Win 5% Startup Ownership by making a Kick-ass Design - getp
http://kakuteru.com/design

======
vlad
I don't think you want random entries. Why not interview respectable designers
and offer 5% to the the one who agrees as well as has the best portfolio,
references, and ideas you like? That's a much more sane thing to do
(considering somebody mentioned here at least one law firm in California
offered to incorporate some companies in exchange for small ownership of the
new entity, and small independent game developers often offer game royalties
to artists in exchange for artwork.)

But the best plan, and one most congruent to advice you would get from both
the programmers (successful game developers, business-savvy hackers, etc.) as
well as the artists themselves (designers: www.no-spec.com) is this:

1) ask around for recommendations on designers who've done related work before
and how they were like to work with

2) establish what you are looking for, together with the designer, and let him
or her create the art, of course making sure to have a contract that
stipulates what is to be done and allows for a couple of additional levels of
iterations

3) pay an agreed upon amount, not stock options. Yes, although I mentioned
that some indie game developers go the route of offering royalties to artists,
the real advice is to pay a flat amount to contractors for art, sound, and
music and then keep full ownership of the game, and save lots of time and
money managing royalties for the entire lifespan of the game, worrying about
trust and tax issues, creating contracts with others, and more.

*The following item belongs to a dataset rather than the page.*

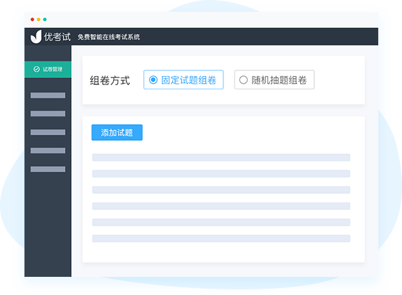 固定试题、随机试题、按部分出题等灵活组卷方式;
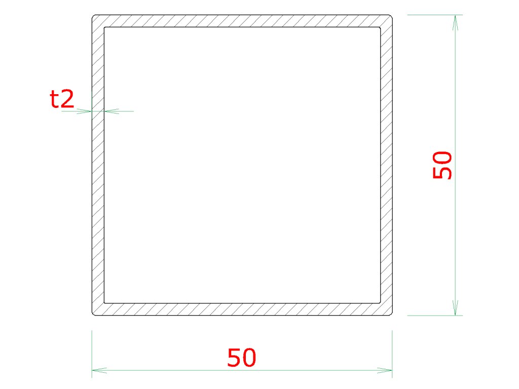 Profil 50 x 50 x 2 x 3000 mm, brúsená nerez AISI 304

As well, on the hacker side of the equation, the author of the submission
mistakingly equates "offering a few lottery tickets that might win five to
seven digit figures" with "attracting the best designers." If you want to have
a good design, you will have to do the leg work, and not throw it to chance
and then say, "well, I tried! Let me offer 5 or 10 more percent."

And here's a new submission that design contests might not even be legal:
<http://news.ycombinator.com/item?id=443758>

------
wheels
This is going to go over really well in due diligence.

Edit: This might make more sense if you created a special class of stock
without voting rights. If you're essentially giving away 5% of a potential
exit someday that's one thing. Giving away 5% of control is another.

------
pclark
5% is a ridiculous amount. What does this show to potential investors? You
either value 5% of your company at ~$1000 or you're insane.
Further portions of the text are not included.